On the other hand, PTQ involves quantizing the parameters of an LLM after its training phase is complete. The primary objective of PTQ is to reduce the storage and computational complexity of the LLM without requiring architectural modifications or extensive retraining. While PTQ introduces some precision loss due to quantization, it offers a straightforward way to enhance the efficiency of an LLM without significant alterations or training efforts. Approaches like LLM.int8(), and GPTQ fall under the PTQ category, exploring weight-only quantization, mixed-precision techniques, and layer-wise quantization strategies.
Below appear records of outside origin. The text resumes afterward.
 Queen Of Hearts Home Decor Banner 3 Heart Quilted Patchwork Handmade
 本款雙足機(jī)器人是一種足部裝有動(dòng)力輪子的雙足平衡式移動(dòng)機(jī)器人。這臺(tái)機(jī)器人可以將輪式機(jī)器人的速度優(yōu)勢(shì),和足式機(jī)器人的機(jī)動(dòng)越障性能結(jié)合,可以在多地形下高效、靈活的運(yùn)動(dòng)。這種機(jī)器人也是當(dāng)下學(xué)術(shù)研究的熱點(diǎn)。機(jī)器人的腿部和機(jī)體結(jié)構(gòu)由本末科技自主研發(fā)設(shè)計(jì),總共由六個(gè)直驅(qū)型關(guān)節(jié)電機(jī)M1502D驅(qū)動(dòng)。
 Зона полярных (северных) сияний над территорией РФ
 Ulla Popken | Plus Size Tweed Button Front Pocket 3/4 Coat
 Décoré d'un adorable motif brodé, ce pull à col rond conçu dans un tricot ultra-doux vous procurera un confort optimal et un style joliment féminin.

Recent research efforts have focused on pushing the limits of quantization for LLMs, aiming to achieve higher compression rates while minimizing accuracy degradation. With the sudden appearance of 1.58-bit quantization, we have unlocked a potential opportunity to build a new hardware that can be used for inference without the need for matrix multiplication.

Low-Rank Factorization

The main idea consists of finding a factorization of the weight matrix W into two matrices U and V with lower dimensionality. In this way, we can approximate the original weights with matrices that have fewer parameters, thus reduce computational costs.
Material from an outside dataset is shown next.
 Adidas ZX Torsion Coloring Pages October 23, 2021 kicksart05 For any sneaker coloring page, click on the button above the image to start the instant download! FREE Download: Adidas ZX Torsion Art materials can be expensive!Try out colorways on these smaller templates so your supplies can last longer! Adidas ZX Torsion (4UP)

This idea has been applied for fine-tuning LLMs efficiently (PEFT). For instance, LoRA finds a low rank factorization and tunes these smaller matrices to the desired task outputting an adapter that can be merged into the model. Alternatively, TensorGPT stores large embeddings in a low-rank tensor and allows the use of GPTs on edge devices.

Conclusion

The balance between Large Language Models performance and model size has long been studied, and although compressing them might harm their performance, it might be useful for applying a model in more niche conditions like robotics. But when it comes to a model designed for writing legal contracts, does it truly add value for it to have knowledge about physics? Up to a certain point?